Concernant les stériles et leur gestion le cadre réglementaire relatif aux déchets miniers nécessite une mise à jour claire pour assurer sa convergence avec le niveau de connaissances scientifiques et techniques, de manière continue, pour être plus adéquats et efficaces lors de la caractérisation, de la gestion de ces sols et de ces déchets, ainsi que des sites d’où ils proviennent.

Les grands oubliés de la législation minière espagnole sont les fonds marins En effet l’exploitation des fonds marins n’est pas régulée en droit espagnol. L’actuelle législation minière ne mentionne pas l’exploitation des ressources du sous-sol marin et n’établit donc pas de limites, ni de procédures, ni de prescriptions pour une activité qui était peut-être inconnue dans les années soixante-dix mais qui se pratique aujourd’hui et peut-être de plus en plus.


La prise en compte de considérations environnementales en droit espagnol

Avis des Hautes juridictions espagnoles

Il découle de la jurisprudence de l’équivalent du Conseil Constitutionnel en Espagne, « el Tribunal Constitucional » en espagnol, en effet est mis en exergue par la haute juridiction le conflit d’intérêt entre la protection de l’environnement et le développement du secteur minier, ce même conflit d’intérêts est un véritable leitmotiv également dans les décisions de la Cour suprême espagnole, équivalent de la Cour de Cassation française, plus haute juridiction de l’ordre judiciaire. C’est dire son importance puisqu’il s’agit d’une question régulièrement tranchée lors de contentieux nationaux ou en tout cas porté devant des juridictions nationales, qui concernent de nombreuses entreprises nationales et internationales


En droit positif, la loi minière espagnol, contient depuis le texte initial de 1973 une référence nette au respect de l’environnement, cela est stipulé dans plusieurs articles comme par exemple l’article 5.3 ou le ministère de l’industrie espagnol est tenu de réaliser les études opportunes pour fixer les conditions de protection de l’environnement.

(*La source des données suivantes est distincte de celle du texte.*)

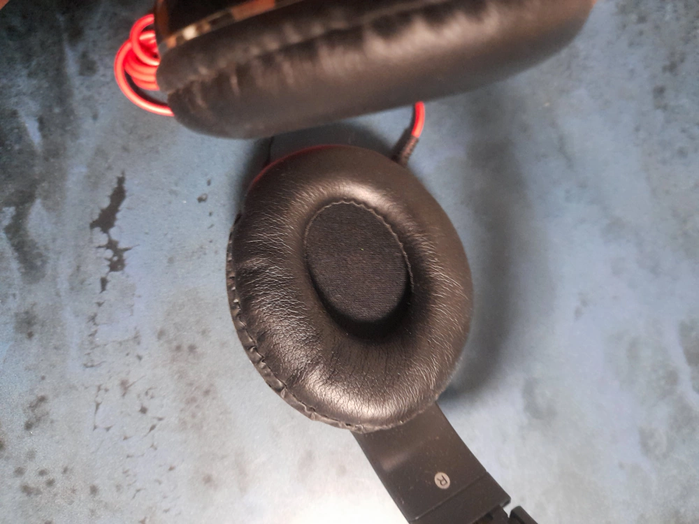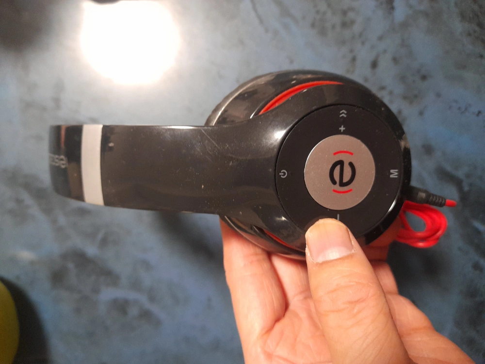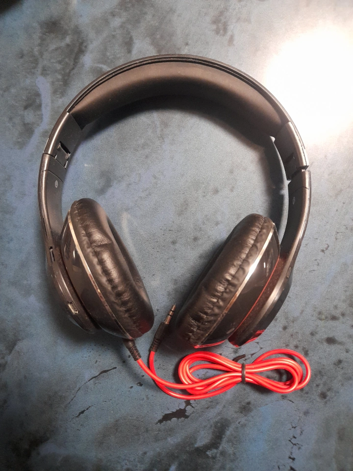 Wired over-ear headphones. Black with red accents. Volume control on earcup. Good for listening to music.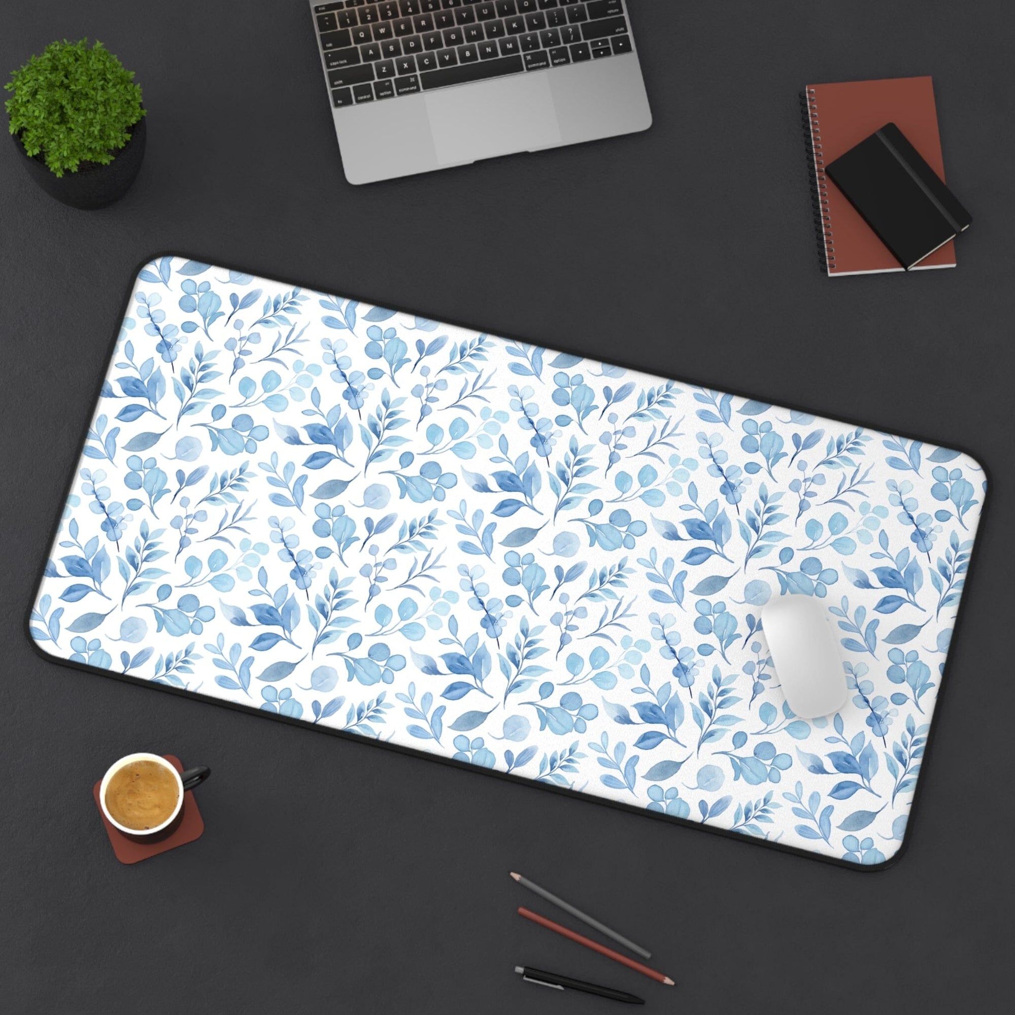 Floral Desk Mat - Elegant Blue Floral Design for Home Office Decor

Indemnisation pour des raisons environnementales limitée pour entreprises minières

Le droit espagnol contemple en effet la limitation des droits minier pour des motifs ayant trait à l’environnement. Il peut résulter intéressant pour une entreprise minière de s’intéresser à la question de son indemnisation dans le cas ou ses droits d’exploitation sont limités pour des raisons environnementales ou sociales. Il faut savoir qu’il n’existe aucune garantie d’indemnisation automatique en droit espagnol pour l’entreprise minière, en effet là la jurisprudence est beaucoup moins claire et surtout beaucoup plus casuistique, c’est-à-dire que cela va dépendre de l’espèce traitée.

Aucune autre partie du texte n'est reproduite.